ПРИПАДОШНЫЕ И НЕМОШНЫЕ

В каком году это было – не знаю, да и знать не хочу. Деревня наша, как помнится, разваливалась на глазах, молодёжь вся повыехала на заработки, и зверьё уже ощетинилось в ближних лесах, с надеждой высматривая в округе не только обленившегося зайца, но от старости заснувшегося старца, копающего свой огород.

Мне тогда было под восемьдесят, я носил окладистую бороду до плеч, тёр на тёрке морковку и молился на ночь. Звали меня Василием, жена давно ушла к молодому Игнатьеву, согрешила с ним, и уехала жить в город. Хорошо, что хоть детей к тому времени мы не нажили.

Прошло время, и в деревне осталось только трое: юродивый припадошный Максим, я и старец Макакий. Максиму было за тридцать, преимущественно постоянно он ползал на четвереньках, орал в голос псалмы и ел траву.

Старец же был настолько стар, что тело его иссохлось и одряблые члены свисали то тут, то там; ходил он пошатываясь, не мог закрыть рот, и я боялся, что однажды его унесёт ветром в какие-нибудь неизвестные края, где он умрёт на чужбине, тоскуя и плача, страдая и матерясь.

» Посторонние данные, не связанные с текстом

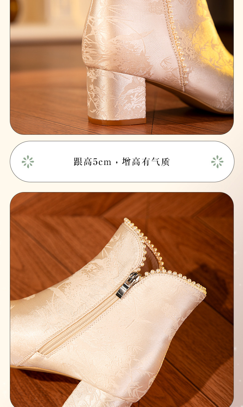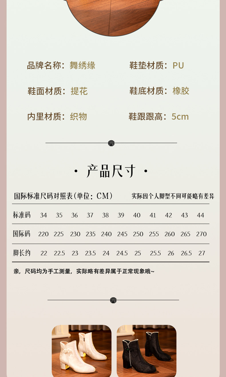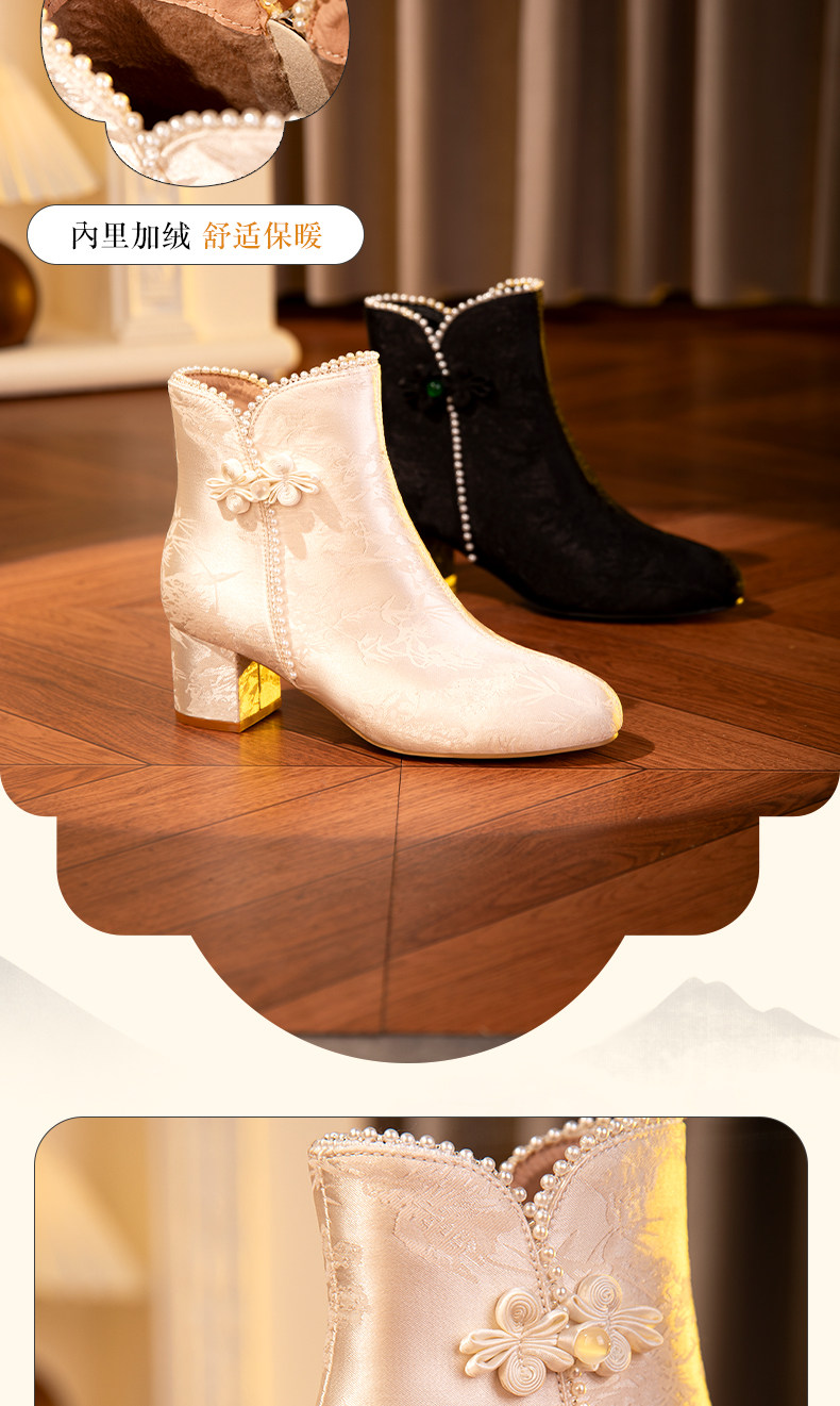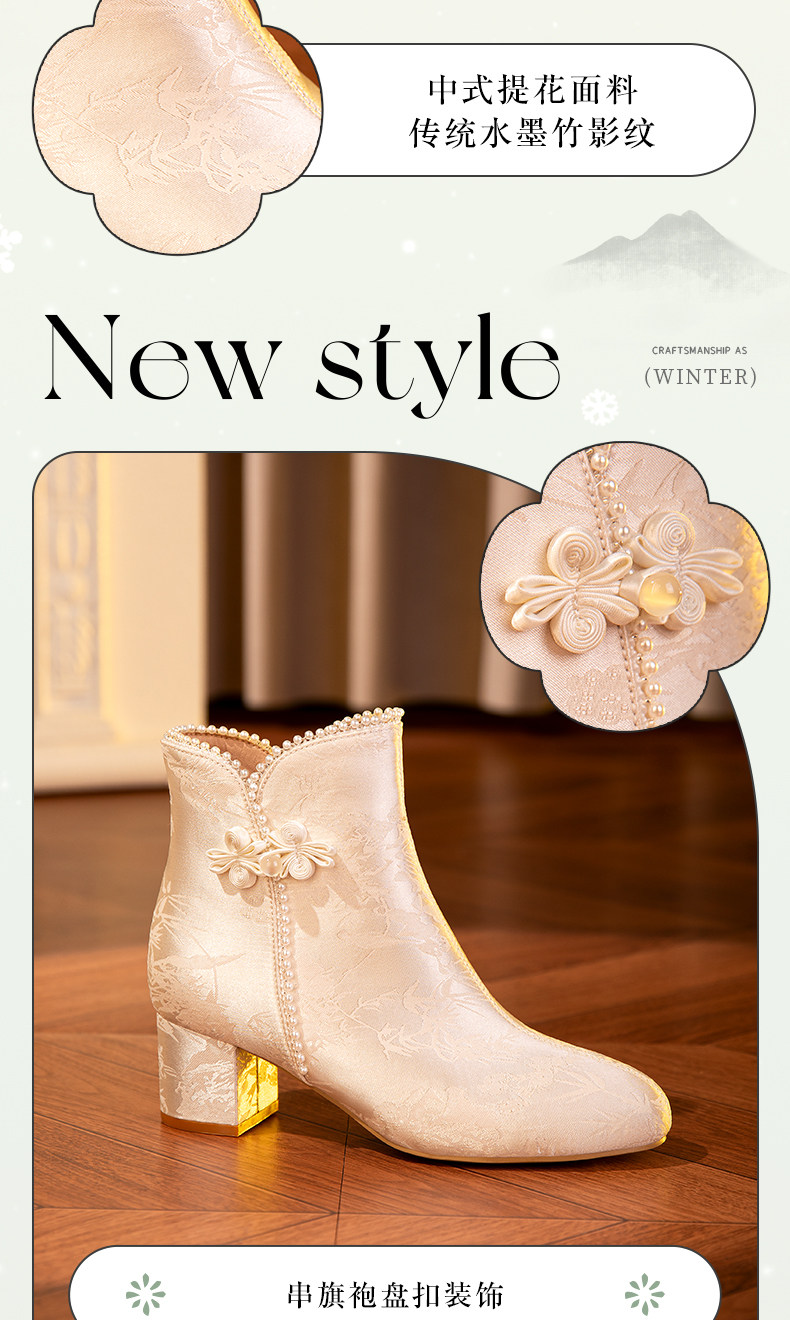 舞綉緣新中式復古搭配旗袍短靴女粗跟女靴百搭時裝靴國風宴會靴子
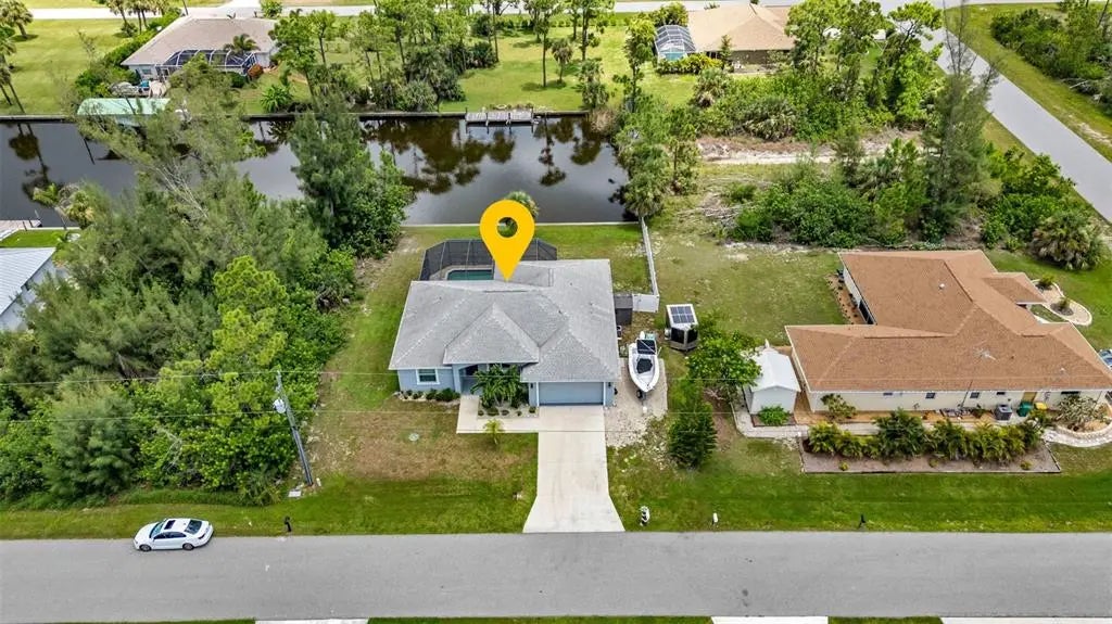 Welcome to 15040 Lyneburg Ave, a WATERFRONT POOL HOME BUILT IN 2017, featuring three bedrooms, two bathrooms, and a two car garage with just under 1700 square feet of living space! With modern touches you will also find a desired open & split floorplan with the main bedroom suite on the right side of the home, two bedrooms and bathroom on the left side, and the kitchen, dining area, and living room directly in the middle! One you exit through the sliding glass doors you will find a screened-in lanai with a heated pool saltwater pool with great views of the large 100ft wide canal! Some of the great updates in this home include HURRICANE IMPACT WINDOWS, NEW AC 2022, NEW POOL PUMP & HEATER 2023, EXTERIOR PAINT 2025, a GENERATOR PLUG and BOAT PARKING with several public ramps just minutes away! Other great features include tile flooring throughout, tray ceilings in the living room and main bedroom, granite counters in the open kitchen and bathrooms, and plantation shutters. This nicely updated home is located on a saltwater canal with SAILBOAT ACCESS in the popular waterfront community of South Gulf Cove. If you don’t have a sailboat that’s okay, this just means you have no bridges between your home and the open waters of the Myakka River, which then leads to Charlotte Harbor and the Gulf! Imagine hopping in your kayak, jet ski, or boat and heading out for a day on the water. From fishing to cruising, the options are endless with your own waterfront property! Here you have a great home in a great location with Boca Grande and its beautiful beaches less than 10 minutes away! Don’t forget to check out the VIRTUAL TOUR and 3D FLOORPLAN to see more about this wonderful home before you call your favorite real estate agent to schedule a personal showing!
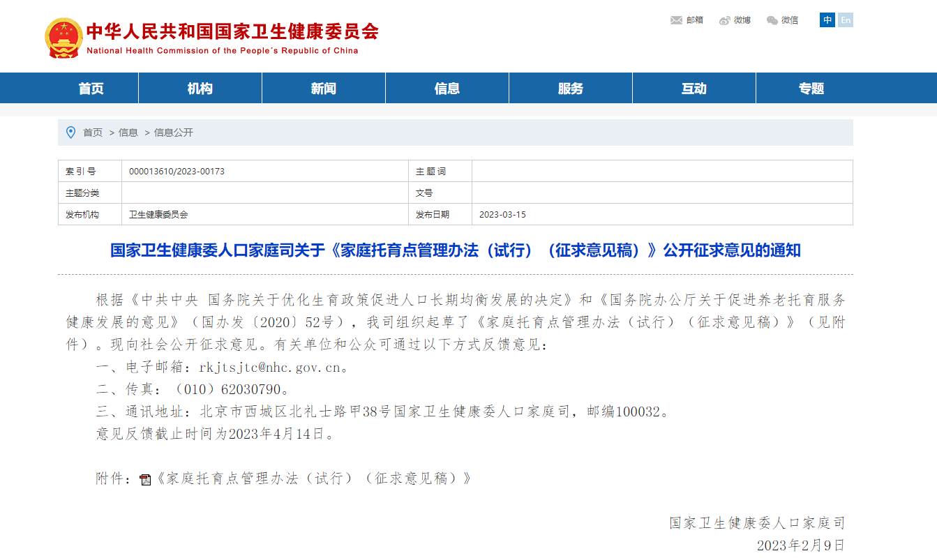 国家卫生健康委人口家庭司就《家庭托育点管理办法(试行)(征求意见稿)》公开征求意见。
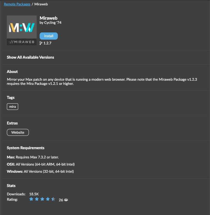 Cycling 74에서는 Miraweb이라는 패키지를 만들어 유저들에게 웹브라우저와 함께 있는 어느 디지털 device를 가지고 Max를 연결할 수 있게끔 하였다. Miraweb을 사용하기 위해서는 File 메뉴에서 Show Package Manager를 클릭한다음 Miraweb을 검색하여 다운받아야 한다.
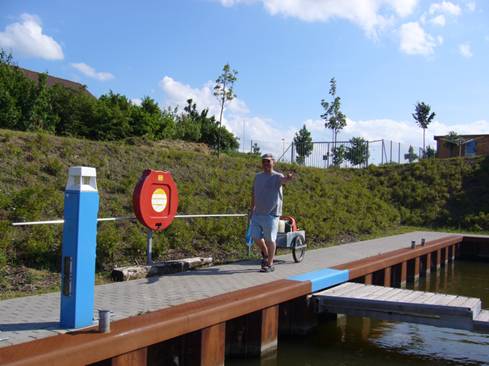 lediglich aus einer Ausbuchtung im Kanal besteht, in der zwei Schwimmstege und
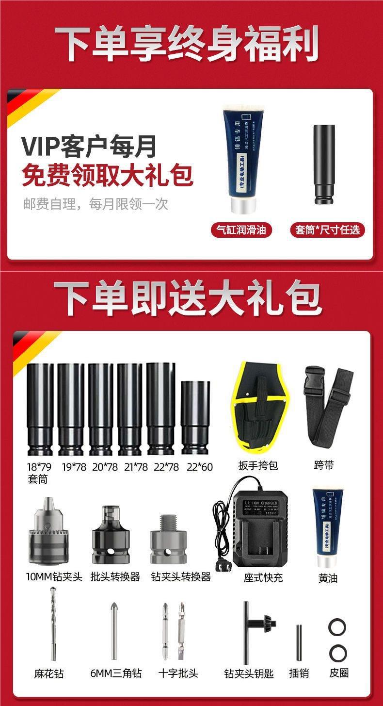 독일 Derston 전기 렌치 브러시리스 리튬 배터리 높은 토크 높은 전원 앵글 랙 풋 프레임 작업자 자동 수리 에어 건스토어 가기
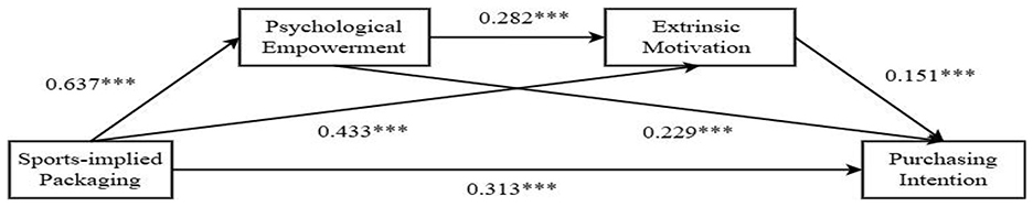 This study revealed how product packaging type influences Generation Z's purchase intention by conducting a chained mediation analysis, focusing on the mediating pathways of psychological empowerment and internal or external motivation. The results showed that sports-implied packaging enhances consumers' psychological empowerment, strengthening their intrinsic motivation and significantly promoting purchase intention. This partially supports Hypothesis H2a. Additionally, psychological empowerment indirectly influences purchase intention through extrinsic motivation, validating Hypothesis H2b. Notably, the comparison of indirect effects revealed that intrinsic motivation plays a stronger mediating role than extrinsic motivation, indicating that psychological empowerment is more likely to drive purchase intention by activating intrinsic rather than extrinsic motivators. This finding provides empirical evidence for Hypothesis H3. The results emphasize the critical role of psychological empowerment in marketing strategies and suggest that companies should enhance consumers' psychological empowerment through packaging design, particularly by activating their intrinsic motivation to improve conversion rates.
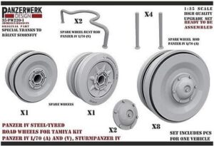 1/35 IV号戦車用・鋼製転輪8個&予備転輪及び予備転輪ラック・タミヤ ディティールアップパーツ [WR35220-01]
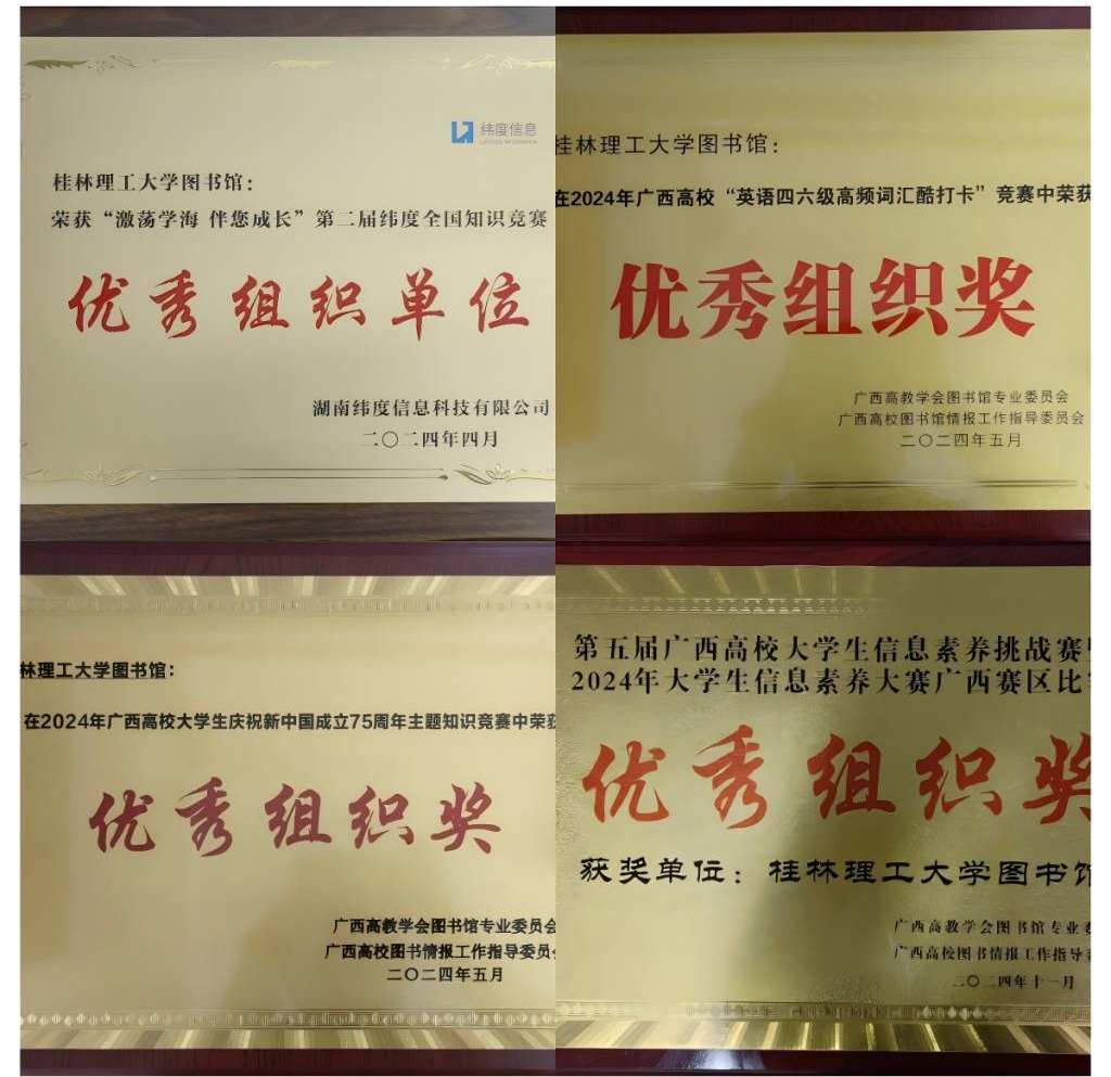 注重引导、激励馆员以理论研究推动业务技能提升,努力培育一支更高质量的专业化馆员队伍。图书馆团队在2024年桂林市图书馆学会组织开展的业务技能大赛中荣获第二名,在桂林高校图书馆中名列首位。在省级及以上图书馆学会主办的各类赛事中获“优秀组织奖”10次。
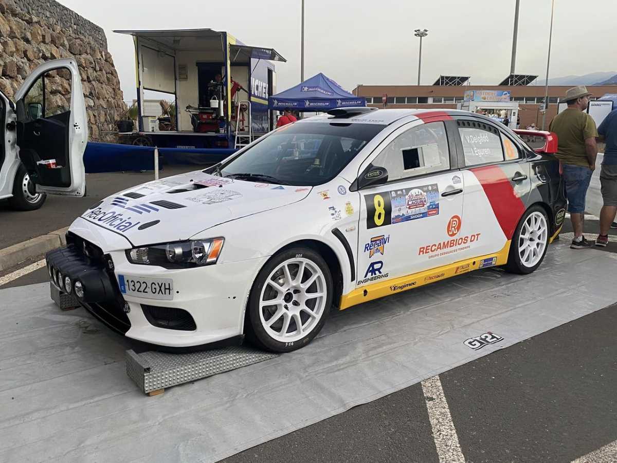 Los tinerfeños Víctor Delgado y Nacho Eguren, tan buenos deportistas como tan buenos amigos, lograron llevar el Mitsubishi Lancer Evo X a la meta del Rally Ciudad de La Laguna, algo que no habían podido lograr en los dos anteriores pruebas de 2024 que habían disputado.
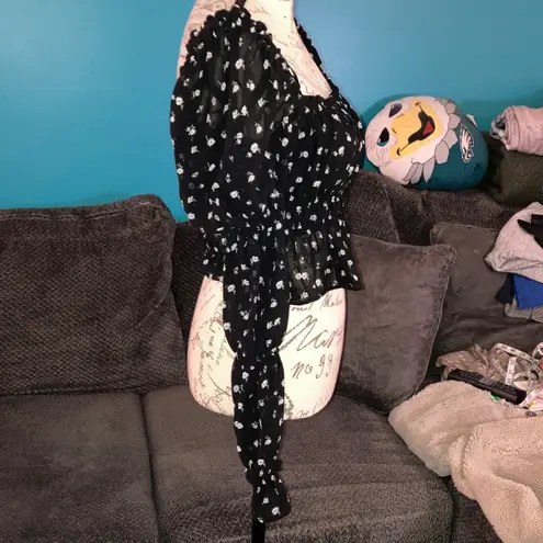 π§ββοΈS917: H&M Off the Shoulder See Through Crop Top Size Medium Black with white flowers Elastic ar... Show more
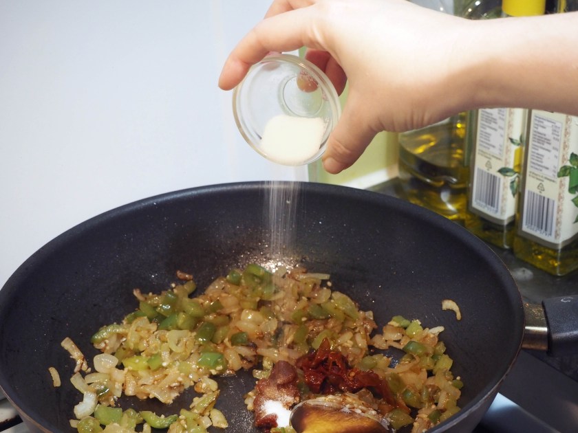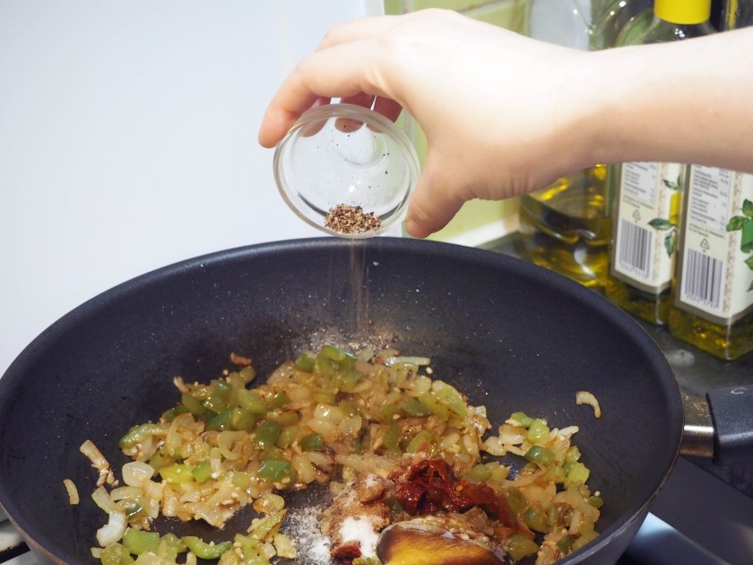2. In a medium pan, put olive oil and warm for about 20 seconds on medium high heat. Add onions and bell pepper and saute for about 6-7 minutes, until both are well cooked.
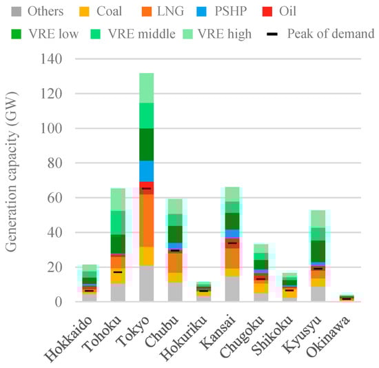 The available generation capacity and peak annual electricity demands are shown in Figure 2. VRE capacities were assumed for the three scenarios, as shown in Table 2. The low-capacity scenario was established based on a report by the Japanese government [], and the middle-capacity scenario was based on the resource potential, scale of each area, past implementation results, and industry outlook, with reference to the literature []. The high-capacity scenario was based on regional heterogeneity, and the total national VRE capacity was set to be approximately 1.5 times higher than that of the middle-capacity scenario. The hourly PV power generation output was estimated based on solar radiation, temperature, and wind speed data for each area in 2013. The hourly WT power generation was based on wind farm data recorded in 2013; specifically, those of coal, liquefied natural gas (LNG), and oil thermal generators were set at 106, 200, and 86 units, respectively. The rated capacity, minimum power output, thermal efficiency in partial-load operations, and fuel costs were established for each thermal unit. The fuel cost for partial-load operations was approximated using a piecewise linear cost curve between the rated and minimum power. In Japan, oil, LNG, and coal have the highest fuel costs (in that order), as shown by a typical thermal power generation unit in Table 3. PSHPs are located in areas with high peak demands, such as Tokyo, Kansai, Chubu, and Kyushu. Constant- and variable-speed PSHP generation values were set at 103 and 15 units, respectively. The rated capacity and minimum power output were each fixed, based on these unit values. For all PSHP units, the storage capacity was 8 h, and the efficiency was 0.7. In Figure 2, the other power sources included hydroelectric, nuclear, geothermal, biomass generation, and demand-side cogeneration. These power sources were non-flexible, and their hourly generation values were obtained exogenously and excluded from the optimization target.
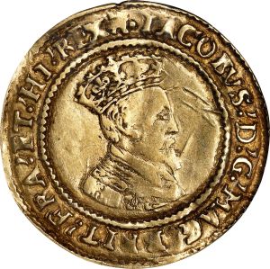 This specimen was lot 51023 in Stack's Bowers ANA sale (Pittsburgh, PA, August 2023), where it sold for $900. The catalog description[1] noted, "GREAT BRITAIN. Crown (5 Shillings), ND (1612-13). London Mint; mm: Tower. James I. NGC VF-25. Second coinage, third crowned bust. Obverse: Crowned and mantled bust right; Reverse: Crowned coat-of-arms. Seemingly a bit conservatively graded, this wholesome specimen yields a delightful golden-yellow appearance with some enticing contrast among the devices. From the Augustana Collection." This gold crown of James' second issue was accompanied by a rose ryal (Fr-230), angel, unite (Fr-234), spur ryal (Fr-231), double crown (Fr-235), half angel (Fr-233) and half crown (Fr-237). With the accession of James I we drop "England" as the country name and adopt the current "Great Britain."
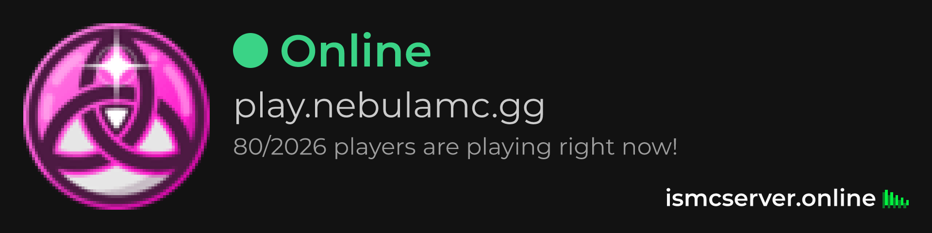 Dark Rounded image: https://ismcserver.online/play.nebulamc.gg/widget?dark&rounded

— Максимка, — часто обращался я к юродивому, — встань с колен и пойди, вспаши землю – хлеб посеем. Силища-то в тебе богатырская!
— Сила моя в правде, а правды на земле нет, посему я таскаюсь по панцирю ея, ползая и скуля как червь немощный! – обычно восклицал Максим, творя в воздухе крестное знамение.

— Ладно, гад, пойду морковь потру, – говорил я и уходил тереть. Должен же я был хоть что-нибудь есть, паки не издохнуть как пёс. Чем питался старец Макакий до сих пор остаётся неизвестным.